# Number Systems : Exercise 1.5 (Mathematics NCERT Class 9th)

Q.1      Classify the following numbers as rational or irrational :
(i) $2 - \sqrt 5$
(ii) $\left( {3 + \sqrt {23} } \right) - \sqrt {23}$

(iii) ${{2\sqrt 7 } \over {7\sqrt 7 }}$
(iv) ${1 \over {\sqrt 2 }}$

(v) $2\pi$
Sol.

(i) $2 - \sqrt 5$ is an irrational number being a difference between a rational and an irrational.
(ii) $\left( {3 + \sqrt {23} } \right) - \sqrt {23} = 3 + \sqrt {23} - \sqrt {23} = 3$, which is a rational number.
(iii) ${{2\sqrt 7 } \over {7\sqrt 7 }} = {2 \over 7}$, which is a rational number.
(iv) $- {1 \over {\sqrt 2 }}$ is an irrational number being the quotient of a rational and an irrational number .
(v) $2\pi$ is irrational being the product of rational and irrational number .

Q.2      Simplify each of the following expressions :

(i) $\left( {3 + \sqrt 3 } \right)\left( {2 + \sqrt 2 } \right)$

(ii) $\left( {3 + \sqrt 3 } \right)\left( {3 - \sqrt 3 } \right)$

(iii) ${\left( {\sqrt 5 + \sqrt 2 } \right)^2}$

(iv) $\left( {\sqrt 5 - \sqrt 2 } \right)\left( {\sqrt 5 + \sqrt 2 } \right)$

Sol.

(i)   $\left( {3 + \sqrt 3 } \right)\left( {2 + \sqrt 2 } \right)$
$= 3 \times 2 + 3\sqrt 2 + 2\sqrt 3 + \sqrt 2 \times \sqrt 3$
$= 6 + 3\sqrt 2 + 2\sqrt 3 + \sqrt 6$
(ii)  $\left( {3 + \sqrt 3 } \right)\left( {3 - \sqrt 3 } \right)$
= ${\left( 3 \right)^2} - {\left( {\sqrt 3 } \right)^2}$
$= 9 - 3 = 6$
(iii) ${\left( {\sqrt 5 + \sqrt 2 } \right)^2}$
${\left( {\sqrt 5 } \right)^2} + 2\sqrt 5 \sqrt 2 + {\left( {\sqrt 2 } \right)^2}$
$5 + 2\sqrt {10} + 2 = 7 + 2\sqrt {10}$
(iv)   $\left( {\sqrt 5 - \sqrt 2 } \right)\left( {\sqrt 5 + \sqrt 2 } \right)$
= ${\left( {\sqrt 5 } \right)^2} - {\left( {\sqrt 2 } \right)^2}$
$= 5 - 2 = 3$

Q.3      Recall , $\pi$ is defined as the ratio of the circumference (say c) of a circle to its diameter (say d). That is $\pi = {c \over d}$. This seems to  contradict the fact that $\pi$ is irrational. How will you resolve this contradiction?
Sol.         There is no contradiction as either c or d irrational and hence $\pi$ is an irrational number.

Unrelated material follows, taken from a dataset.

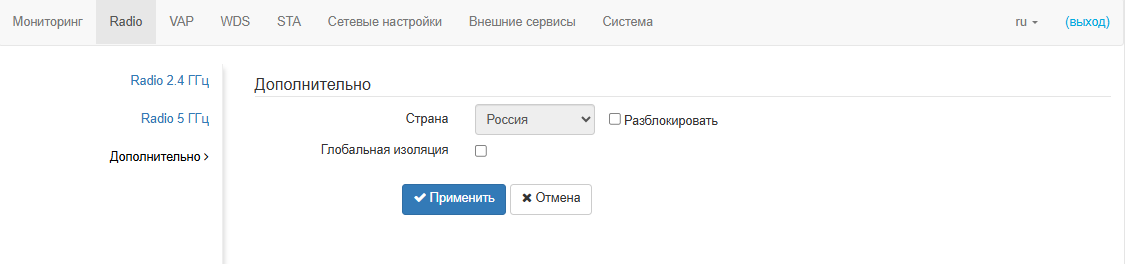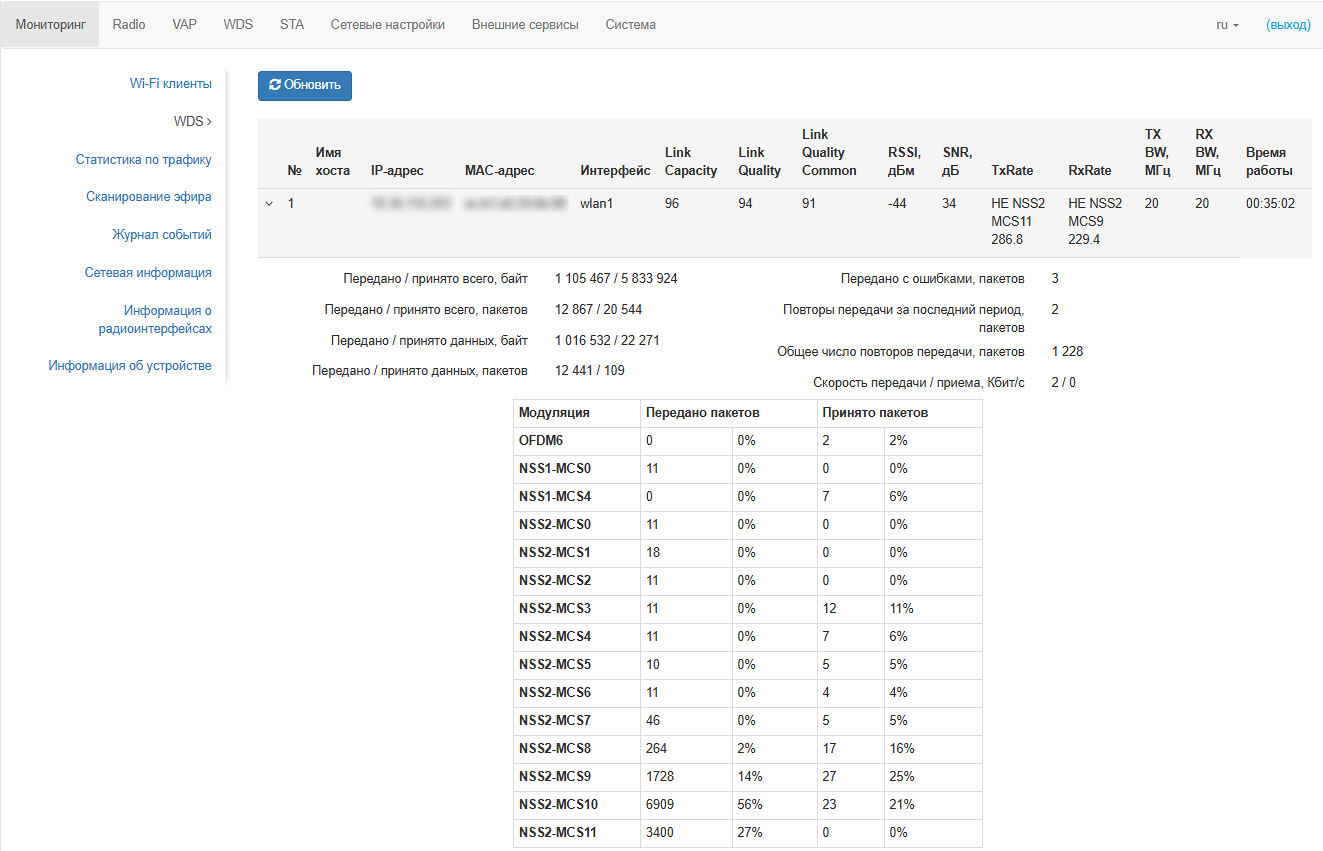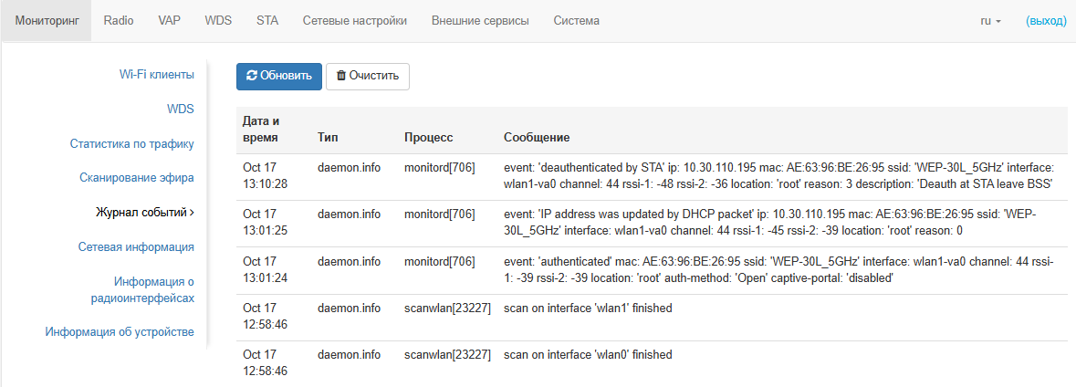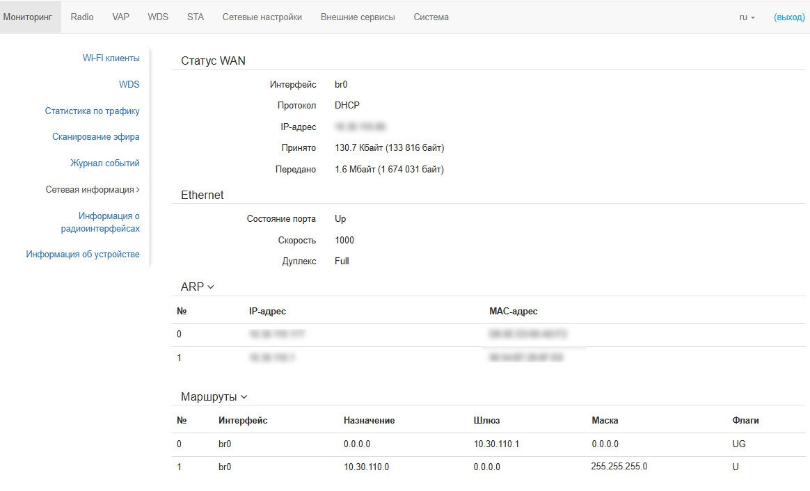 Для удалённого захвата пакетов с радиоинтерфейсов необходимо поднять интерфейсы radio0 и/или radio1 из предыдущего пункта.

Q.4      Represent $\sqrt {9.3}$ on the number line.
Sol.

Mark the distance 9.3 units from a fixed point A on a given line to obtain a point B such that AB = 9.3 units. From B, mark a distance of 1 unit and mark the new point as C. Find the mid- point of AC and mark that point as O. Draw a semi-circle with centre O and radius OC. Draw a line perpendicular to AC passing through B and intersecting the semicircle at D. Then $BD = \sqrt {9.3}$. To represent $\sqrt {9.3}$ on the number line. Let us treat the line BC as the number line, with B as zero, C as 1 and so on. Draw an arc with centre B and radius BD, which intersects the number line in E. Then E represent $\sqrt {9.3}$

Q.5      Rationalise the denominators of the following :
(i) ${1 \over {\sqrt 7 }}$
(ii) ${1 \over {\sqrt 7 - \sqrt 6 }}$

(iii) ${{\rm{1}} \over {\sqrt 5 {\rm{ + }}\sqrt 2 }}$
(iv) ${1 \over {\sqrt 7 - 2}}$

Sol.

(i)    ${1 \over {\sqrt 7 }} = {{1 \times \sqrt 7 } \over {\sqrt 7 \times \sqrt 7 }} = {{\sqrt 7 } \over 7}$
(ii)   ${1 \over {\sqrt 7 - \sqrt 6 }}$ $= {1 \over {\sqrt 7 - \sqrt 6 }} \times {{\sqrt 7 + \sqrt 6 } \over {\sqrt 7 + \sqrt 6 }}$ $= {{\sqrt 7 + \sqrt 6 } \over {{{\left( {\sqrt 7 } \right)}^2} - {{\left( {\sqrt 6 } \right)}^2}}}$
$= {{\sqrt 7 + \sqrt 6 } \over {7 - 6}} = \sqrt 7 + \sqrt 6$
(iii)  ${1 \over {\sqrt 5 + \sqrt 2 }}$
$= {{\rm{1}} \over {\sqrt 5 {\rm{ + }}\sqrt 2 }} \times {{\sqrt 5-\sqrt 2 } \over {\sqrt 5-\sqrt 2 }}$ $= {{\sqrt 5 - \sqrt 2 } \over {{{\left( {\sqrt 5 } \right)}^2} - {{\left( {\sqrt 2 } \right)}^2}}}$
$= {{\sqrt 5 - \sqrt 2 } \over {5 - 2}} = {{\sqrt 5 - \sqrt 2 } \over 3}$
(iv) ${1 \over {\sqrt 7 - 2}}$ $= {1 \over {\sqrt 7 - 2}} \times {{\sqrt 7 + 2} \over {\sqrt 7 + 2}}$
$= {{\sqrt 7 + 2} \over {{{\left( {\sqrt 7 } \right)}^2} - {{\left( 2 \right)}^2}}}$
$= {{\sqrt 7 + 2} \over {7 - 4}}$ $= {{\sqrt 7 + 2} \over 3}$